🤖 AI Summary
This paper addresses prediction risk control in high-dimensional linear regression under random design: how to achieve dimension-free, non-asymptotic upper bounds on prediction error without explicitly estimating the high-dimensional covariance matrix. To this end, we propose a novel “error-in-operator” paradigm, which implicitly incorporates the design covariance structure into the empirical risk minimization objective—bypassing explicit covariance estimation. Theoretically, we establish the first dimension-free, non-asymptotic upper bound on prediction error; rigorously prove that auxiliary variables do not inflate the effective dimension; and attain statistically optimal convergence rates. Computationally, the method eliminates dependence on covariance estimation, substantially reducing both statistical and computational complexity. Numerical experiments demonstrate its robustness and efficiency in high-dimensional sparse settings.
📝 Abstract
We consider a problem of high-dimensional linear regression with random design.

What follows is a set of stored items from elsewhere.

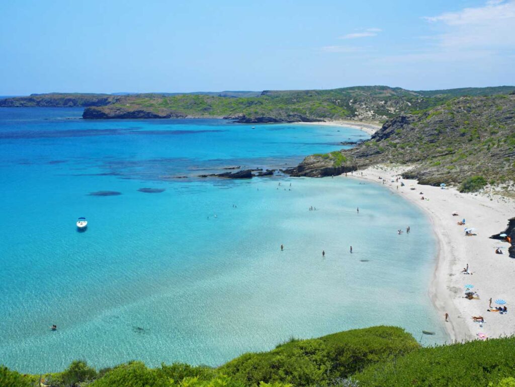 Desde aquí, la ruta sigue hacia el sureste, con playas más largas y abiertas como Binigaus, Santo Tomás y Son Bou, antes de encarar el regreso hacia Mahón.
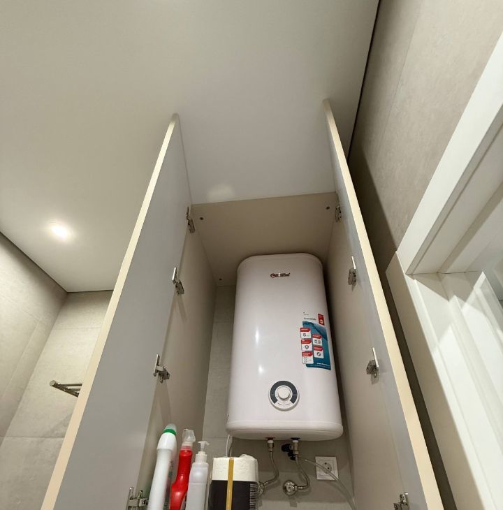 Ванная оборудована бойлером, стиральной машиной, зеркалом, шкафом
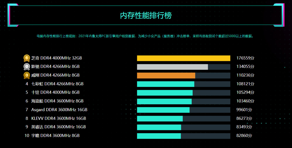 2021年度性能最强的内存来自芝奇DDR4 4000MHz 32GB,拥有超大容量的同时还具备4000MHz的高频率,超频玩法花样百出,性能一骑绝尘,均分达到了17万,远超第二名影驰 DDR4 4266MHz 8GB。
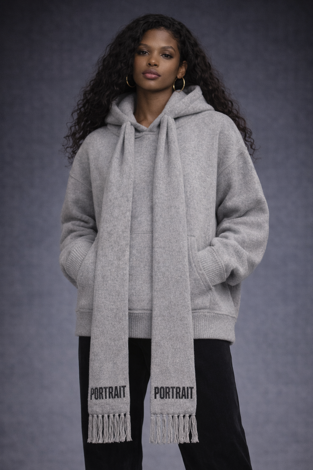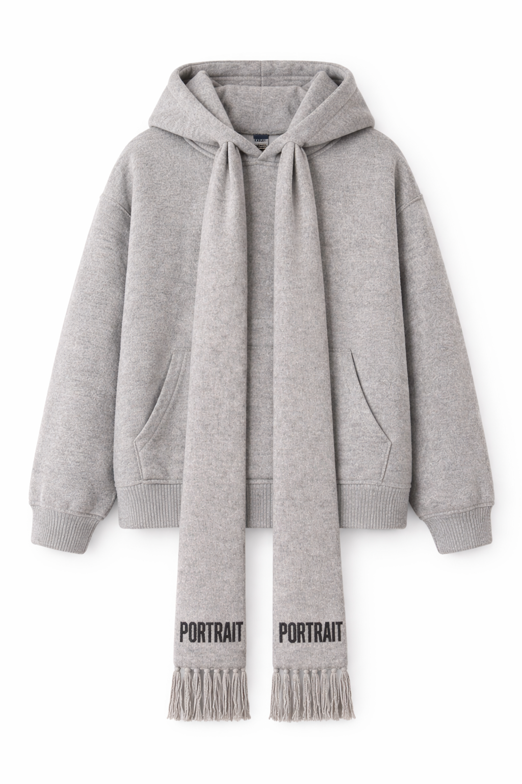The story is woven in. The P|M 'Narrative' Scarf-Integrated Wool Hoodie blurs the line between knitwear and outerwear. Crafted from a dense, felted wool-cashmere blend in a soft, heathered 'Dove Grey', this piece offers a structured warmth that stands apart from the standard cotton sweatshirt. The defining feature is the fully integrated scarf that extends seamlessly from the neckline, draping down the front like a stole. Each end of the scarf is anchored by the house name 'PORTRAIT', intarsia-knitted in bold black, and finished with thick, artisanal tassels that add movement to every step. Cut with a relaxed, boxy fit and deep kangaroo pockets, it is the ultimate travel companion for the woman who values comfort as much as composition."
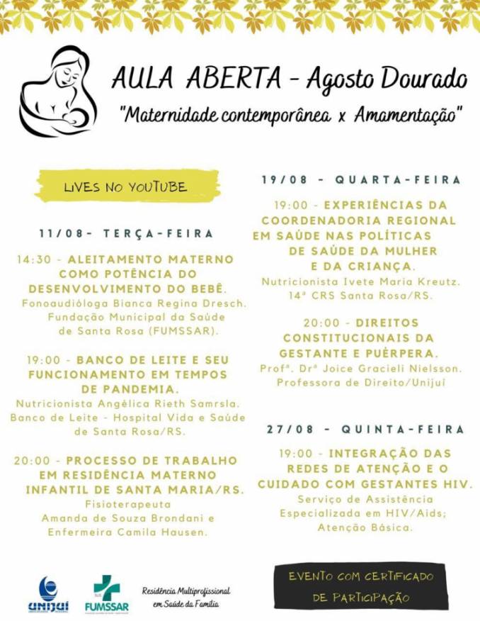 A Residência Multiprofissional em Saúde da Família, ofertada em Santa Rosa em uma parceria entre a Unijuí e a Fundação Municipal de Saúde de Santa Rosa (Fumssar), vai realizar, durante este mês de agosto, uma série de aulas abertas, em lives no Youtube, para discutir questões importantes do aleitamento materno. Marcando o "Agosto Dourado", a programação vai ser desenvolvida em três dias, com a participação de profissionais de diversas áreas de atuação. As falas serão transmitidas no Youtube da Unijuí.
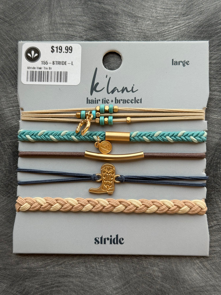 These 5 hair tie bracelets are the perfect accessory made to coordinate together on your wrist and any one of them works as a hair tie for your hair! Medium is the size of a normal hair tie band. It fits wrists between 5-6.4" around. Small is better for younger girls & small teens. It fits wrists under 5" around. Large is sized for wrists 6.5-7.5"
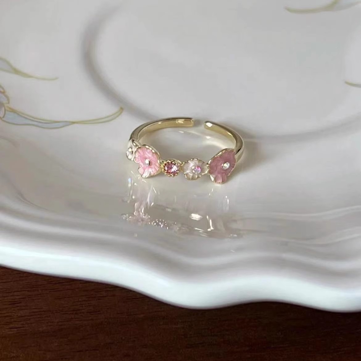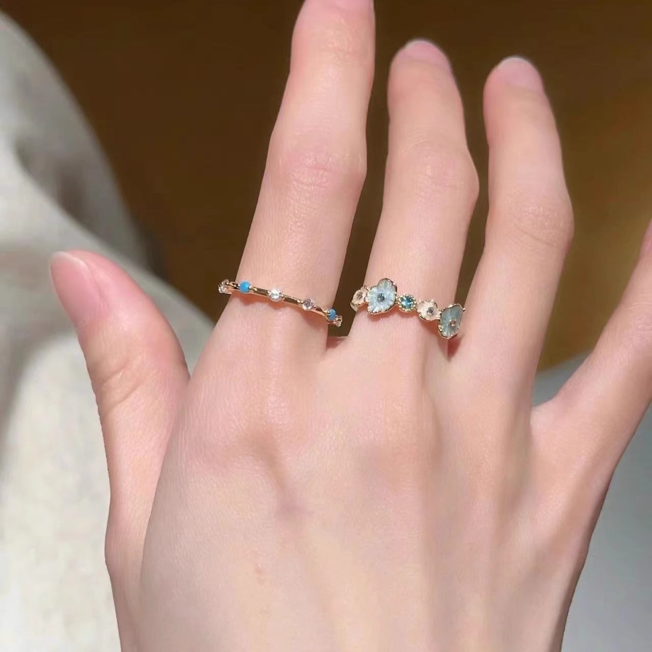 超仙蓝粉花朵戒指女小众设计高级新款食指戒可调节精致百搭开口戒
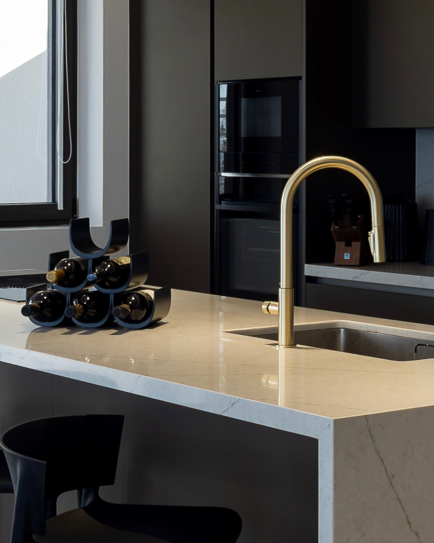The lower level is dedicated to leisure and entertainment, featuring a modern gym with panoramic sea views, a private cinema, and a sophisticated bar—creating a perfect balance between activity and relaxation beyond spaces.
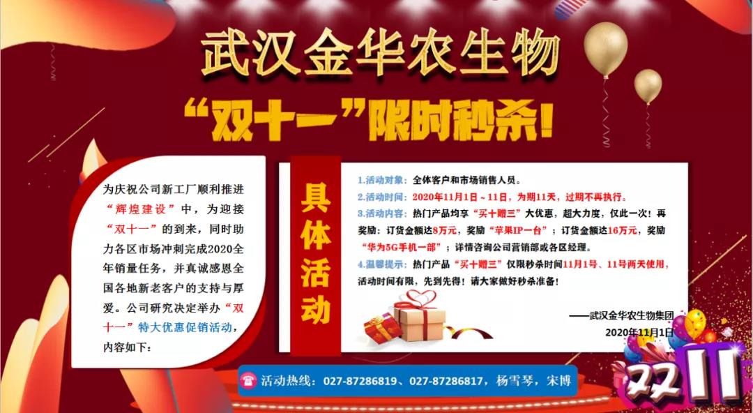 ? ? ?為慶祝公司新工廠順利推進(jìn)“輝煌建設(shè)”中,為真誠(chéng)感恩在這段不平凡歲月中奮戰(zhàn)在動(dòng)保銷售一線的武漢金華農(nóng)同仁,為迎接“雙十一”的到來,同時(shí)助力各區(qū)市場(chǎng)沖刺完成2020全年銷量任務(wù)。弘揚(yáng)“公司發(fā)展我成長(zhǎng),我為公司添光彩”,“人人爭(zhēng)當(dāng)冠軍,人人爭(zhēng)當(dāng)標(biāo)兵”的企業(yè)文化精神,并真誠(chéng)感恩全國(guó)各地新老客戶的支持與厚愛。公司研究決定舉辦“雙十一”特大優(yōu)惠促銷活動(dòng)!年僅一次,超大力度!活動(dòng)內(nèi)容如下:? ? ?
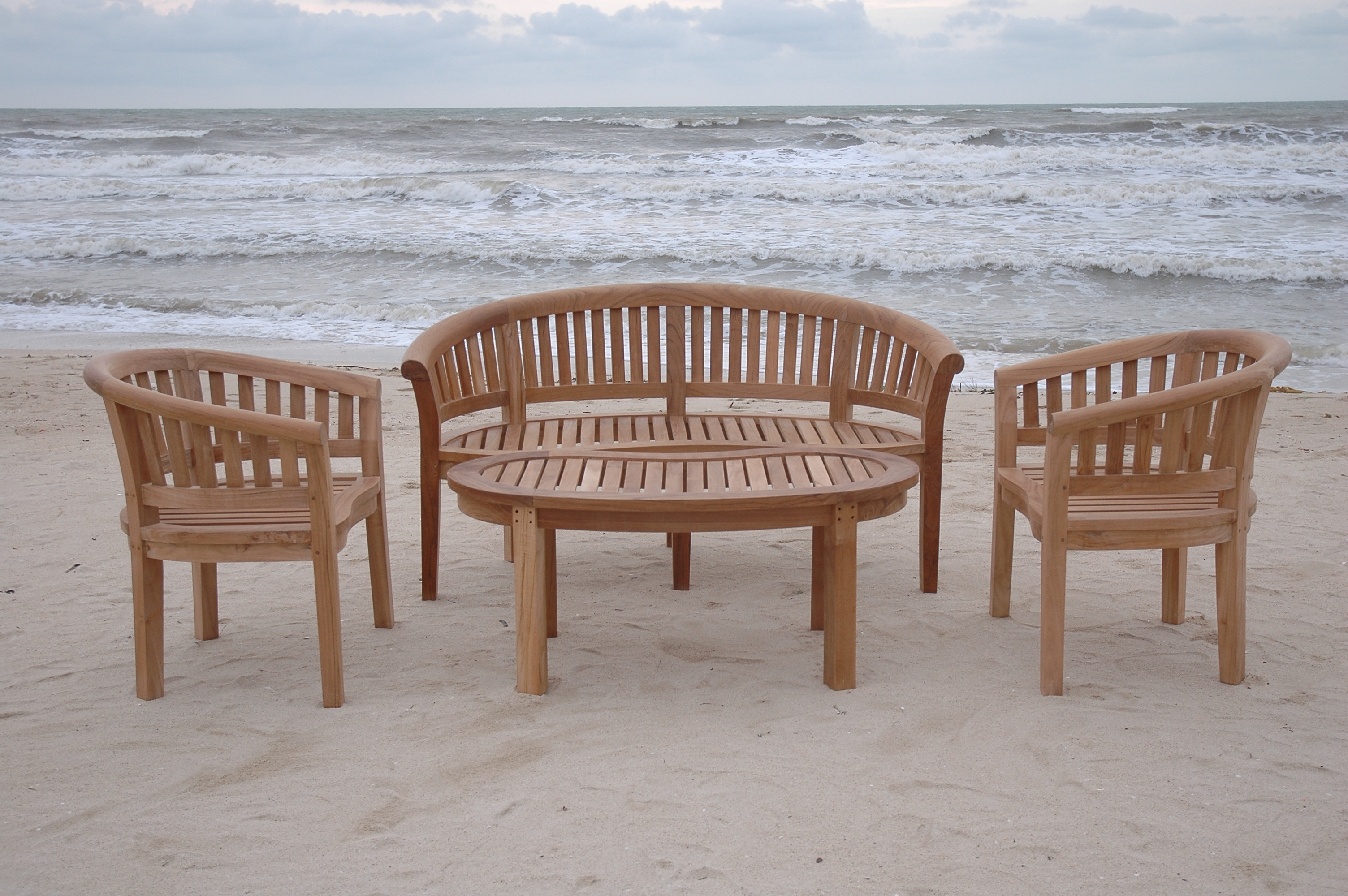 An outdoor conversation set for the yard and garden, it features a thick and quality built frame thats expertly crafted with quality featuring a beautiful "curve bench styling" that is artistic and unique. We have made subtle but careful design changes to ensure excellent back support and contoured seats for extra comfort. Place a single bench under your trees; or use a group of benches and chairs for entertaining. Set arrives with two Curve Extra Thick Dining Armchair, One Curve 3-Seater Extra Thick Bench, and a curve coffee table. Add All-Weather Sunbrella cushions to create more color accent and comfort for this set. All pieces made of premium grade unfinished teak. Quality built for generations.
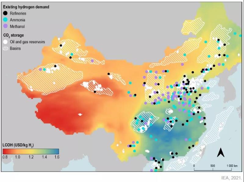 ? 圖10 中國現(xiàn)有氫能需求、可再生制氫的成本與潛在的二氧化碳封存地點
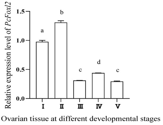 Expression of PcFoxl2 in ovarian tissues at different stages. Different letters indicate significant differences (p < 0.05).
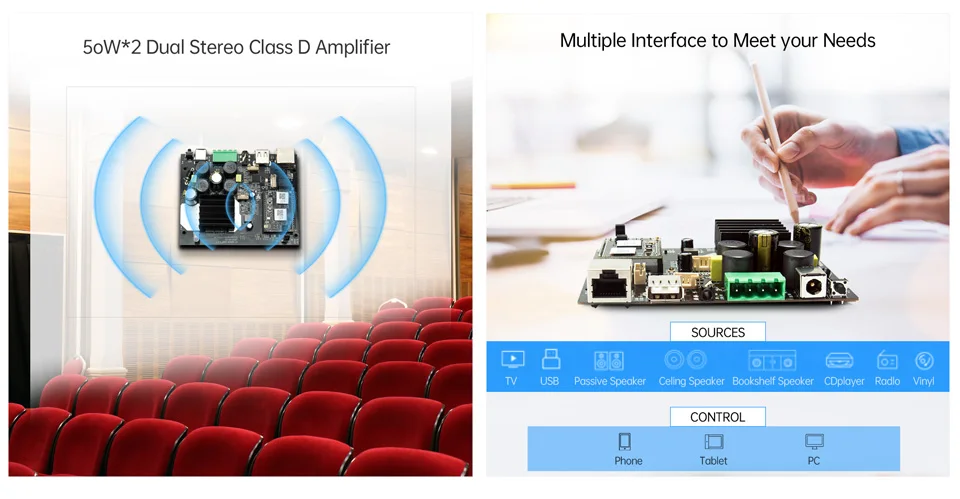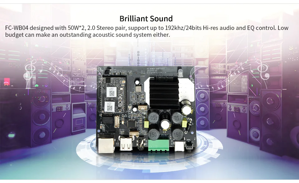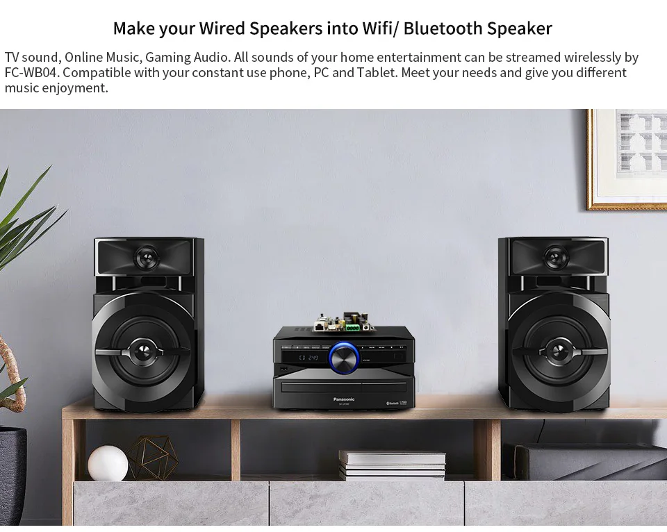 FC-WB04 AMP представляет собой беспроводной мульти-комнаты аудио усилитель цифровой усилитель класса D. Он имеет Wi-Fi, Ethernet и Bluetooth 5,0. С FC-WB04 ампер, так будет проще для вас, чтобы начать Потоковую передачу музыки от ваших умных устройств, USB, NAS, третьей вечерние приложений, которые поддерживают DLNA, UPnP, протоколы, И услуги онлайн-потоковой передачи на вашу аудиосистему. Его высокая производительность позволяет воспроизводить аудио без потерь из местного хранилища или от дыхательного, qoпредусмотренного в приложении Muzo player. Еще одна особенность-функция multiroom и multizone для беспроводного воспроизведения той же музыки во всех комнатах синхронизации или разной музыки в разных комнатах.
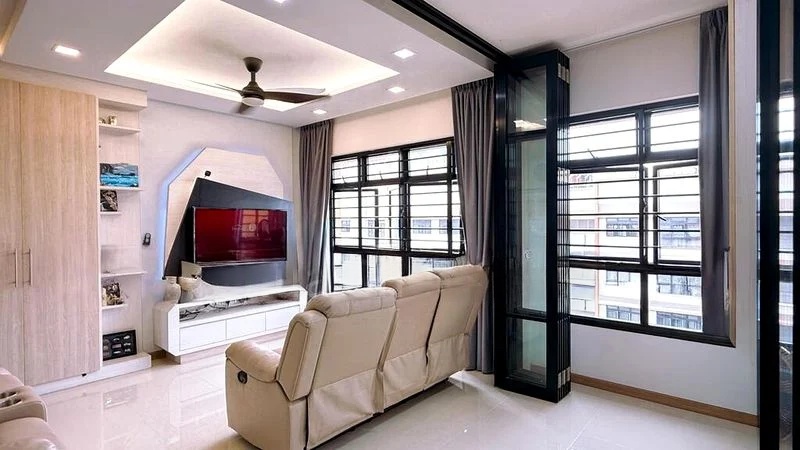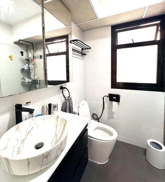 Step into a beautifully renovated 3-bedroom flat that exudes a bright and airy ambiance. The abundant natural light floods the living space, highlighting the modern TV feature wall and elegant false ceiling with cove lighting. Large windows offer a pleasant view of the neighboring HDB blocks and the city estate, creating a welcoming atmosphere from the moment you enter.

We suggest a novel approach referred to as error-in-operator which does not estimate the design covariance $Sigma$ directly but incorporates it into empirical risk minimization. We provide an expansion of the excess prediction risk and derive non-asymptotic dimension-free bounds on the leading term and the remainder. This helps us to show that auxiliary variables do not increase the effective dimension of the problem, provided that parameters of the procedure are tuned properly. We also discuss computational aspects of our method and illustrate its performance with numerical experiments.